Há pouco mais de 10 anos, o primeiro Homem-Aranha era lançado nos cinemas, provando de uma vez por todas que filmes baseados em super-heróis espalhafatosos de quadrinhos poderiam funcionar nas telonas. É bem verdade que, já no ano 2000, o primeiro X-Men havia sido lançado, recebendo boas críticas e gorda bilheteria.

No entanto, X-Men – O Filme de Bryan Singer, por melhor que ele tivesse sido, ainda era uma obra razoavelmente distante da estética dos quadrinhos, sem cores vibrantes e roupas coloridas. O medo, àquela época, era que isso não funcionasse direito perante os espectadores, mesmo considerando os filmes do Superman décadas antes.

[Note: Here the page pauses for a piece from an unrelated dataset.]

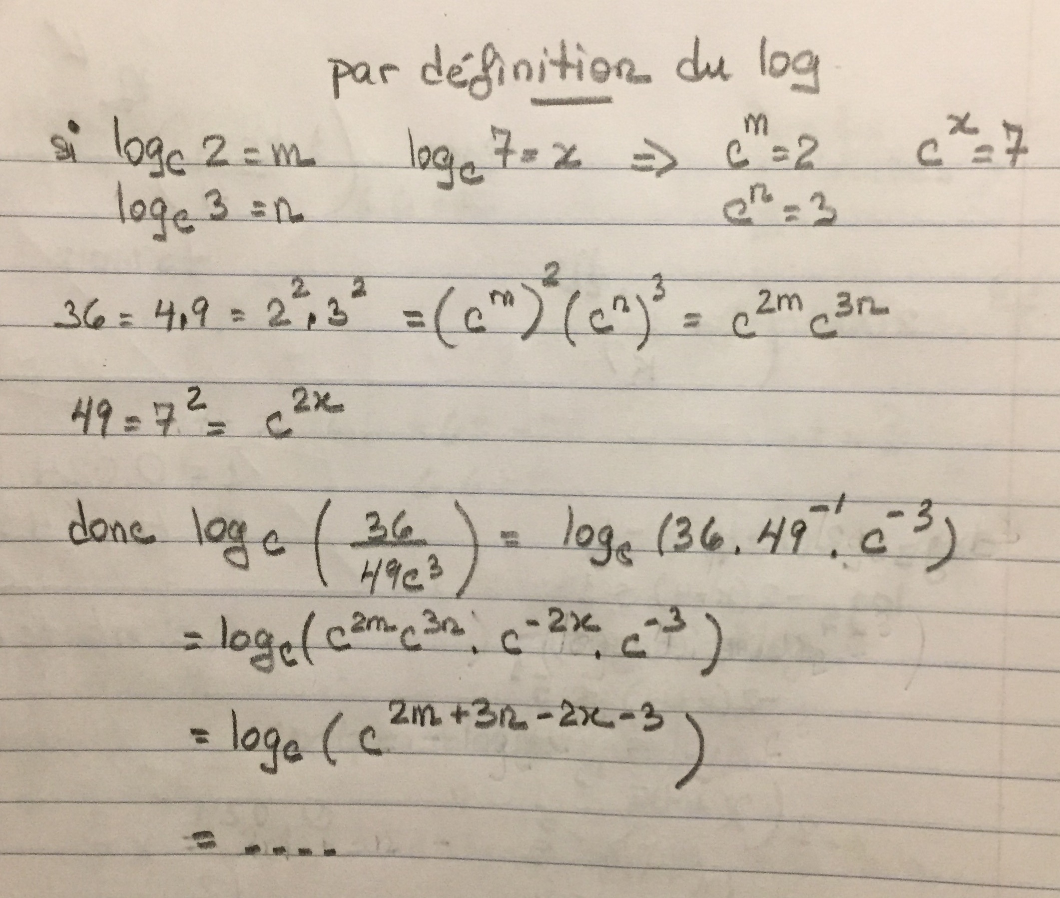 Note: on peut procéder de différentes façons en autant qu'on respecte les lois des logarithmes

Homem-Aranha é um herói que, mesmo que se queira mudar muito sua história de origem e acontecimentos subsequentes, precisava manter algo importantíssimo para sua mística: o uniforme. E temos que convir que as cores vermelha e azul em uma roupa justa cobrindo todo o corpo, com padrões de teia e aranhas no peito e nas costas tinha todas as chances de não funcionar no cinema. No entanto, mudar o uniforme, como Singer fez elegantemente em seu X-Men, significaria que os fãs (e o Homem-Aranha tem várias e várias gerações deles) criariam uma revolta sem precedentes.

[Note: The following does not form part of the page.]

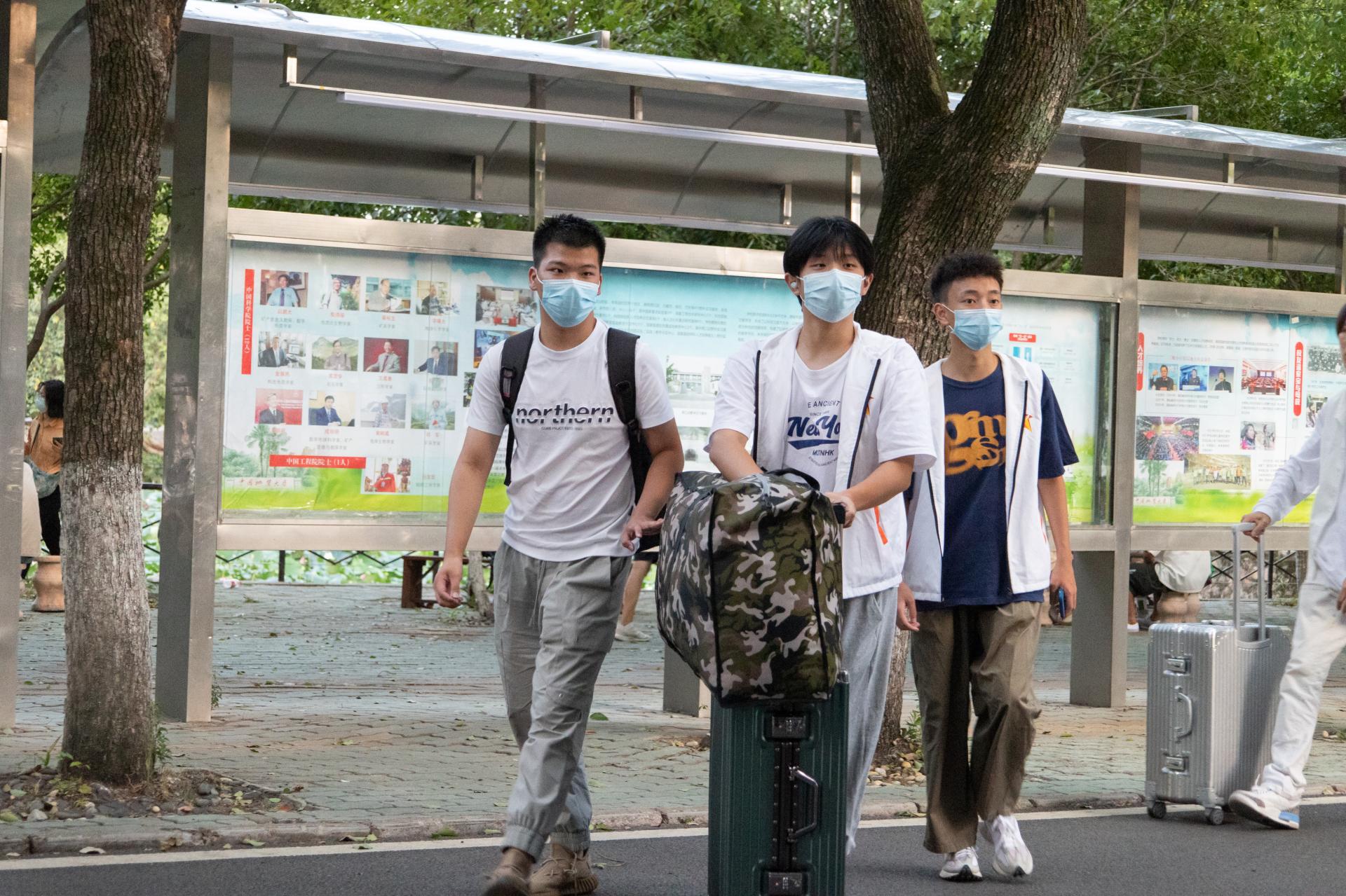 迎着朝阳,第一位同学在签名墙上留下了他的名字

Não foi à toa, portanto, que Homem-Aranha ficou no chamado development hell por nada mais nada menos que 25 anos. Somente quando a Sony, em 1999, comprou os direitos de adaptação cinematográfica da MGM, que já havia encomendado um rascunho de roteiro de James Cameron, foi que a versão cinematográfica do amigão da vizinhança realmente decolou. Cameron já não estava mais ligado à obra, mas seu trabalho serviu de base ao roteiro que David Koepp (escritor de Missão Impossível e Jurassic Park, dentre vários outros filmes famosos) acabou desenvolvendo.

Vários diretores foram pensados para comandar a obra, incluindo Chris Columbus e David Fincher. Mas quando Sam Raimi ingressou no projeto é que ele começou a tomar forma definitiva. Raimi foi firme quanto à estrutura do filme, decidindo-se por apenas um vilão, o Duende Verde, enquanto que a ideia original era usar o Dr. Octopus também, em papel secundário. Da mesma maneira, com Raimi, a mudança mais dramática na mitologia do personagem seria feita: os tradicionais lançadores mecânicos de teia foram substituídos pelos controversos lançadores orgânicos, explicados como parte da mutação que Peter Parker sofreria depois de ser mordido por uma aranha geneticamente alterada.

A roupa do Aranha foi mantida a mais próxima possível da original dos quadrinhos. Ela ganhou uma aparência emborrachada e teias em relevo, além de ter sido moldada ao corpo do ator quase que como uma peça só. Assim, a transposição das páginas das revistas para o cinema foi perfeita.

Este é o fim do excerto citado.